(Beginning of GIVEN INFORMATION)

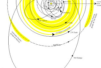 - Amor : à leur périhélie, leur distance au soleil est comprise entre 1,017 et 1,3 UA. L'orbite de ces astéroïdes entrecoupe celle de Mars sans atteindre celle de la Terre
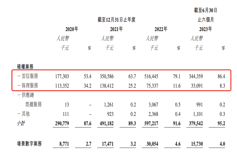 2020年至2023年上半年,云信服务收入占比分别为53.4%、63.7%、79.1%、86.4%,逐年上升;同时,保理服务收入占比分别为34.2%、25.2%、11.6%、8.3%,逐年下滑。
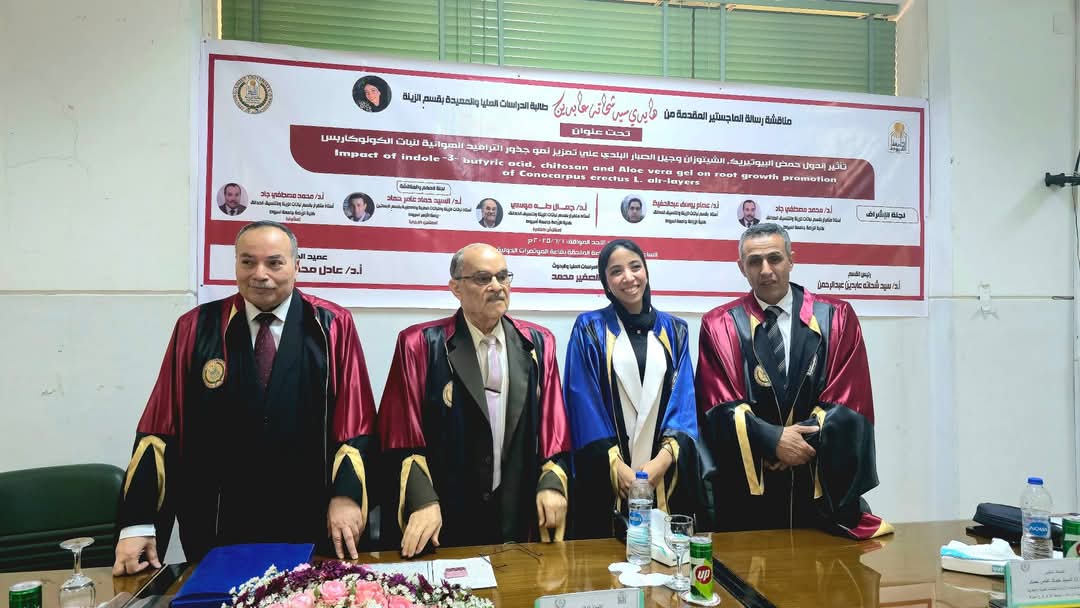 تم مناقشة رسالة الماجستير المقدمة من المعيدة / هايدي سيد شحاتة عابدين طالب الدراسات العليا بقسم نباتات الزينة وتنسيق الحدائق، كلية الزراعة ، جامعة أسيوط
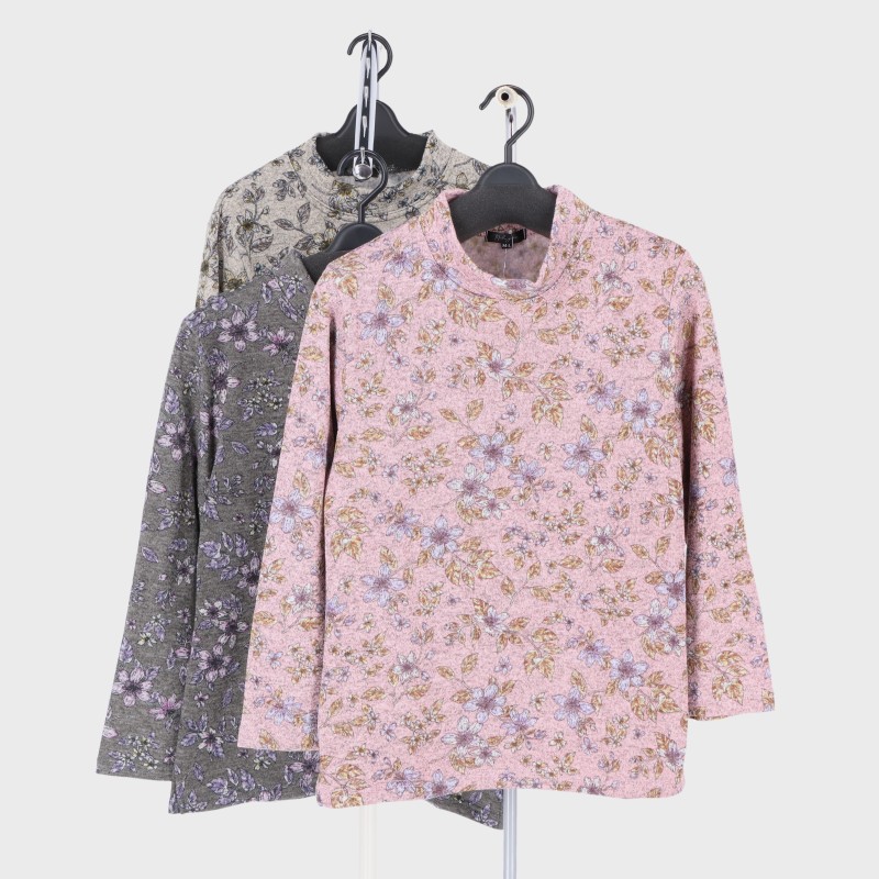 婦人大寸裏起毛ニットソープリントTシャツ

(End of GIVEN INFORMATION)

_WHAT TO PRODUCE_
Restate word for word the lines from the one with "2020年至2023年上半年" to the end of the material, both included. Do not include the pictures.

_WRITTEN RESPONSE_
 2020年至2023年上半年,云信服务收入占比分别为53.4%、63.7%、79.1%、86.4%,逐年上升;同时,保理服务收入占比分别为34.2%、25.2%、11.6%、8.3%,逐年下滑。
 تم مناقشة رسالة الماجستير المقدمة من المعيدة / هايدي سيد شحاتة عابدين طالب الدراسات العليا بقسم نباتات الزينة وتنسيق الحدائق، كلية الزراعة ، جامعة أسيوط
 婦人大寸裏起毛ニットソープリントTシャツ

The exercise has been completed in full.